Placebo treatments are harmless, inactive substances administered to some of the patients in a clinical trial to provide a baseline comparison for measuring the effects of active treatment given to other patients in the trial. The placebo effect -- in which patients who receive an inert substance nonetheless experience some or all benefits of active treatment -- is a topic of growing interest to Parkinson's researchers. The placebo effect has increasingly complicated the interpretation of outcomes from PD clinical trials, creating a significant hurdle to the development of new treatments. And it may have a greater impact in clinical trials for Parkinson's than other diseases, because it involves the dopamine system, which degenerates in PD.
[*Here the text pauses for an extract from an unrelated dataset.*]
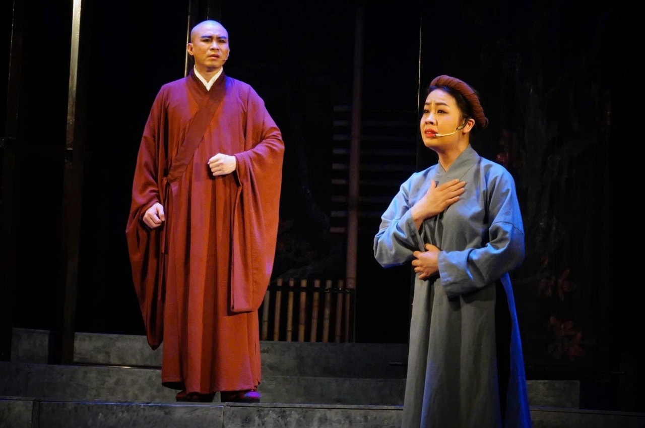 Cảnh trong vở cải lương “Huyền thoại gò Rồng Ấp” của Nhà hát Sân khấu Truyền thống Quốc gia Việt Nam. Ảnh: NSƯT Trần Quang Khải

As part of a clinical trial in dyskinesia announced by the Foundation earlier this month, a pilot study will seek to initially validate surveys that can predict how placebo response is impacted from person to person by disease- and treatment-related variables, as well as by individual personality characteristics of patients and investigators involved in clinical research. The pilot will assess the potential validity of the placebo surveys for other future clinical trials, as well as provide ancillary information on various dyskinesia rating scales' susceptibility to placebo effects. Researchers Mark Stacy, MD, of Duke University and Glenn T. Stebbins, PhD, of Rush University Medical Center will compile and develop surveys to be administered to patients and investigators at the outset of the study. These surveys will gather data on personal traits including optimism, social conformity and expectations of outcome. At the close of the trial, the survey results will be tracked with study outcomes to determine the impact of optimism and expectation of positive outcome on the effectiveness of different dyskinesia rating scales.
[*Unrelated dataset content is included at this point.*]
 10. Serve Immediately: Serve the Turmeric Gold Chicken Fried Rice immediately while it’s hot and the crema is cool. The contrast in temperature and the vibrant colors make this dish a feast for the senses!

A Columbia University team led by Tor Wager, PhD, and Daphna Shohamy, PhD, will use functional magnetic resonance imaging (fMRI) to look at brain activity in Parkinson's patients as they execute specific motor and learning tasks, comparing how brain activity changes when the patients are given levodopa (the gold-standard treatment for Parkinson's disease) versus placebo. While previous imaging studies have demonstrated that placebo treatments can increase dopamine levels in patients' brains, there is little experimental evidence that these increased dopamine levels are tied to functional improvement on the Unified Parkinson's Disease Rating Scale (UPDRS), the tool used by clinicians to measure effects of experimental treatments. Drs. Wager and Sohamy will evaluate the potential of fMRI to provide such evidence. The goal is to more fully establish biological markers of placebo effects in PD and determine whether placebo effects lead to measurable functional improvement for patients.